We normalize the dataset using MinMax scaling and create sliding windows
of past 30 days to predict the next day.


In [3]:
scaler = MinMaxScaler()
scaled = scaler.fit_transform(df)

WINDOW = 30

def create_sequences(data,window):
    X,y=[],[]
    for i in range(len(data)-window):
        X.append(data[i:i+window])
        y.append(data[i+window,0])
    return np.array(X),np.array(y)

X,y = create_sequences(scaled,WINDOW)

split=int(0.8*len(X))
X_train,X_test=X[:split],X[split:]
y_train,y_test=y[:split],y[split:]

X_train=torch.tensor(X_train,dtype=torch.float32)
y_train=torch.tensor(y_train,dtype=torch.float32)
X_test=torch.tensor(X_test,dtype=torch.float32)
y_test=torch.tensor(y_test,dtype=torch.float32)


## Attention LSTM Model

The model uses:
- LSTM encoder
- Attention mechanism
- Fully connected output layer


In [4]:
class AttentionLSTM(nn.Module):
    def __init__(self,input_size,hidden_size):
        super().__init__()
        self.lstm=nn.LSTM(input_size,hidden_size,batch_first=True)
        self.attn=nn.Linear(hidden_size,1)
        self.fc=nn.Linear(hidden_size,1)

    def forward(self,x):
        out,_=self.lstm(x)
        weights=torch.softmax(self.attn(out),dim=1)
        context=torch.sum(weights*out,dim=1)
        return self.fc(context)

model=AttentionLSTM(3,64)
optimizer=torch.optim.Adam(model.parameters(),lr=0.001)
loss_fn=nn.MSELoss()


In [5]:
for epoch in range(40):
    pred=model(X_train).squeeze()
    loss=loss_fn(pred,y_train)
    optimizer.zero_grad()
    loss.backward()
    optimizer.step()

    if epoch%10==0:
        print("Epoch",epoch,"Loss",loss.item())

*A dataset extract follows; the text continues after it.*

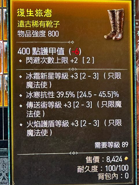 標題[競標] d4 法師鞋 閃避 冰霜 傳送頂
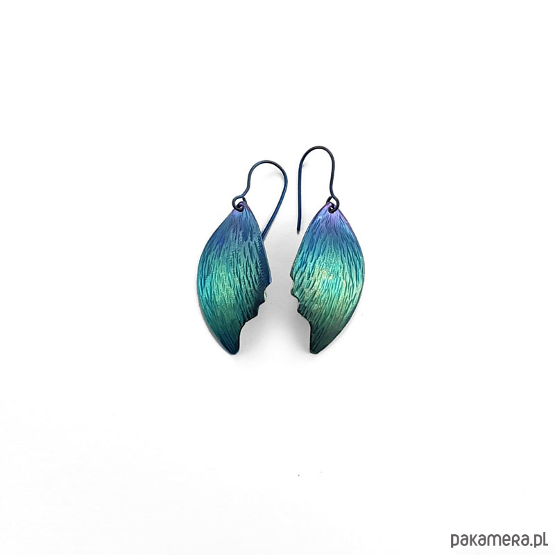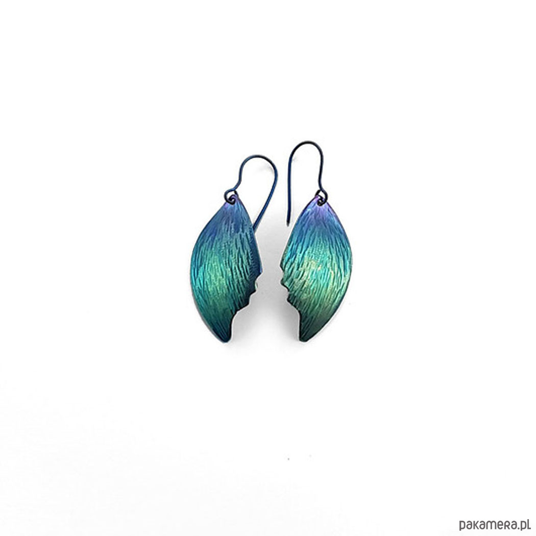 Kolczyki w kształcie liści w całości zrobiłem ręcznie z tytanu.Są lekkie, efektowne i mienią się kolorami.Są wielkości 2,3 cm i długości 4,5 cm.W całości kolczyki są długości ok.5,5 cm. Zawieszka z tytanu .Na odwrocie sygnowane wygrawerowanym podpisem.Tytan jest niezwykle lekkim i trwałym metalem który nie wywołuje żadnych alergii-jest hipoalergiczny-stosowany w chirurgii i stomatologii. Odporny na działanie chemikaliów. Anodowany pokrywa się tlenkami o intensywnych kolorach które zachowują swą barwę przez wiele lat.

Epoch 0 Loss 0.30405905842781067
Epoch 10 Loss 0.1430244743824005
Epoch 20 Loss 0.02876606397330761
Epoch 30 Loss 0.024713926017284393


## Rolling Origin Cross Validation

Instead of predicting the whole test set at once, the model predicts
step-by-step while moving forward through time.


In [6]:
def rolling_cv(model,X,y):
    preds=[]
    for i in range(len(X)):
        with torch.no_grad():
            p=model(X[i:i+1]).item()
        preds.append(p)
    return np.array(preds)

lstm_preds=rolling_cv(model,X_test,y_test)


In [7]:
def metrics(true,pred):
    mae=mean_absolute_error(true,pred)
    rmse=np.sqrt(mean_squared_error(true,pred))
    mape=np.mean(np.abs((true-pred)/true))*100
    return mae,rmse,mape

mae_lstm,rmse_lstm,mape_lstm=metrics(y_test.numpy(),lstm_preds)
print("ATTENTION LSTM:",mae_lstm,rmse_lstm,mape_lstm)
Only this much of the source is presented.